Não havia outra opção, fui para a mesa de cirurgia e
tive os ovários retirados. Tão jovem e já poderia me
considerar uma mulher seca por dentro, completamente
oca, sem chances de engravidar naturalmente.
Não que eu desejasse ter um bebê naquela idade,
mas algum dia pretendia sim formar uma família, algo
que fui obrigada a entender que jamais iria acontecer.
Desde então venho fazendo acompanhamento,
esses dois últimos anos foram sofridos porque era
impossível superar, já que lembrava frequentemente da
minha mãe que morreu após a descoberta tardia de um
teratoma maligno. O tumor estava em estágio avançado,
nada pôde salvá-la.
Foi a primeira vez que senti um pedaço meu sendo
arrancado, o seu falecimento levou embora o meu
coração e em seguida a vida me fez perder aquilo que
fazia de mim uma mulher, os meus ovários.
Eu me tornei uma sombra... um precipício vazio.
Senti que mergulhava todos os dias dentro da minha
própria escuridão, cuja alternativa era o afogamento.
Apenas não desabei porque meu pai permaneceu ao
meu lado, mais próximo do que nunca, sempre se
fazendo presente para mim e Enzo. Nós três tínhamos
apenas um ao outro e ele jamais suportaria nos ver
distantes de qualquer maneira.
Mas a morte de mamãe mudou a cada um de nós de
alguma forma. Uma parte nossa morreu com ela, e
quando descobri que nunca poderia ter uma filha para
homenageá-la com o seu nome, morri de novo.
— Entre, querida. Sente-se. — A mulher na casa
dos cinquenta anos, de sorriso meigo e semblante
complacente apontou para a cadeira vazia à frente da
sua mesa, onde me sentei por diversas vezes desde que
nos conhecemos.
Fechei a porta e me aproximei, contudo, não atendi
ao seu pedido. Cocei a garganta e, perturbada, caminhei
pelo espaço, indo e voltando.
— Eu não quero me sentar, doutora. — Neguei com
a cabeça, nervosa. — Diga logo o que está acontecendo
comigo dessa vez.
— Ágata, por favor...
— Só... diga — pedi, a encarando, os olhos prestes
a se debulhar em lágrima.
— Não tem nada de errado com você, eu garanto. —
Ela se deslocou até mim somente para me abraçar. —
Fique calma, está tudo bem. Te chamei aqui porque o
resultado da sua última ultrassonografia foi
surpreendente.
Afastei-me dos seus braços, enxuguei os olhos com
o dorso das mãos antes que as lágrimas caíssem.

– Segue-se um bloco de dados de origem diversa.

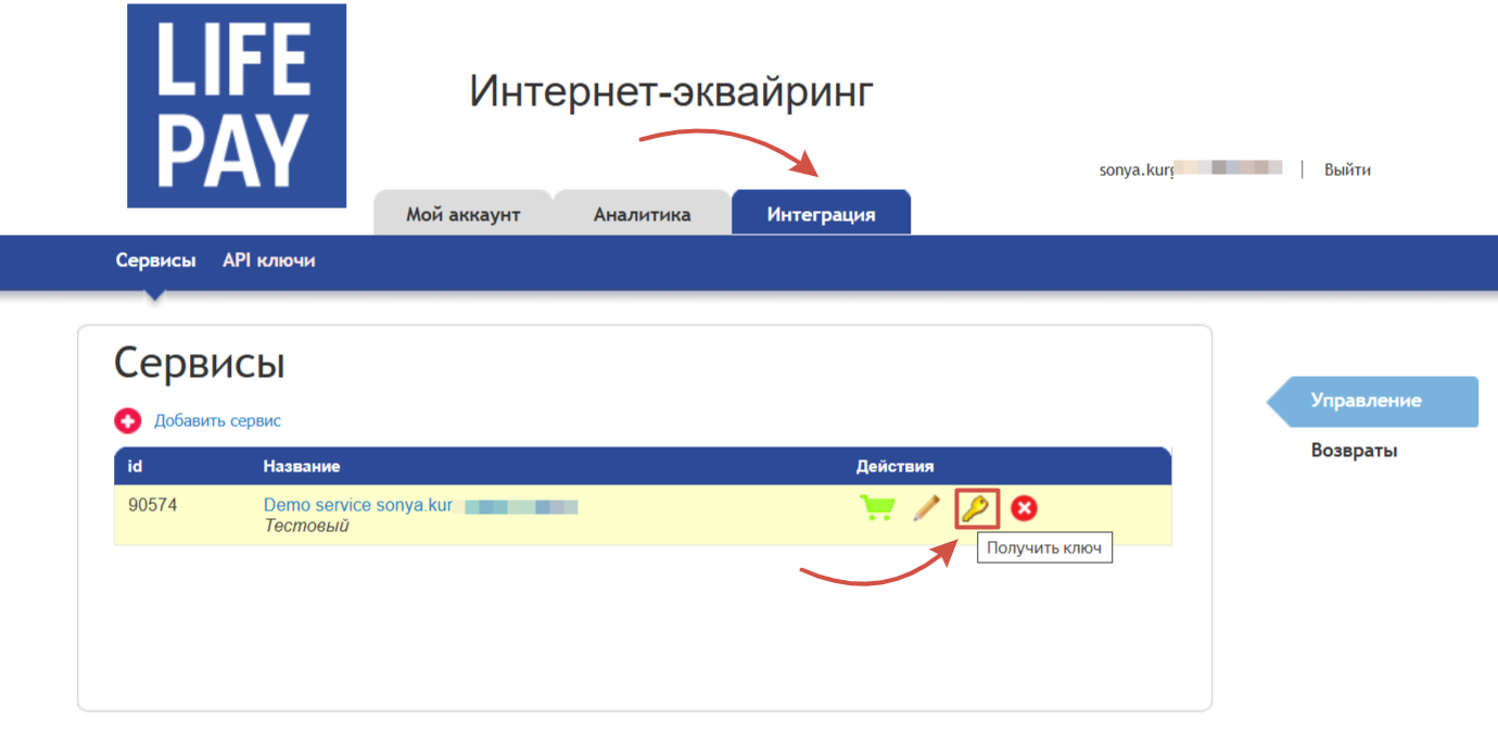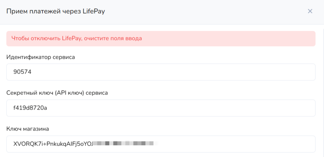 Для подключения платежей через Life Pay нужно перейти на сайте [home.life-pay.ru](https://home.life-pay.ru/) в личный кабинет, во вкладку "Интеграция" → "Сервисы" и нажать на иконку ключа подключаемого сервиса

— O quê? Do que está falando? — Estava confusa,
a minha voz saiu machucada, um pouco rouca. O nó em
minha garganta ainda apertava, me fazia respirar com
certa dificuldade.
A mulher com cabelos tingidos de vermelho me fez
sentar e pediu a sua secretária que me trouxesse um
copo d’água. Esperou até que eu me acalmasse para
então revelar:
— Está vendo isso aqui? — Apontou para a imagem
no resultado da ultrassonografia que abriu sobre a mesa.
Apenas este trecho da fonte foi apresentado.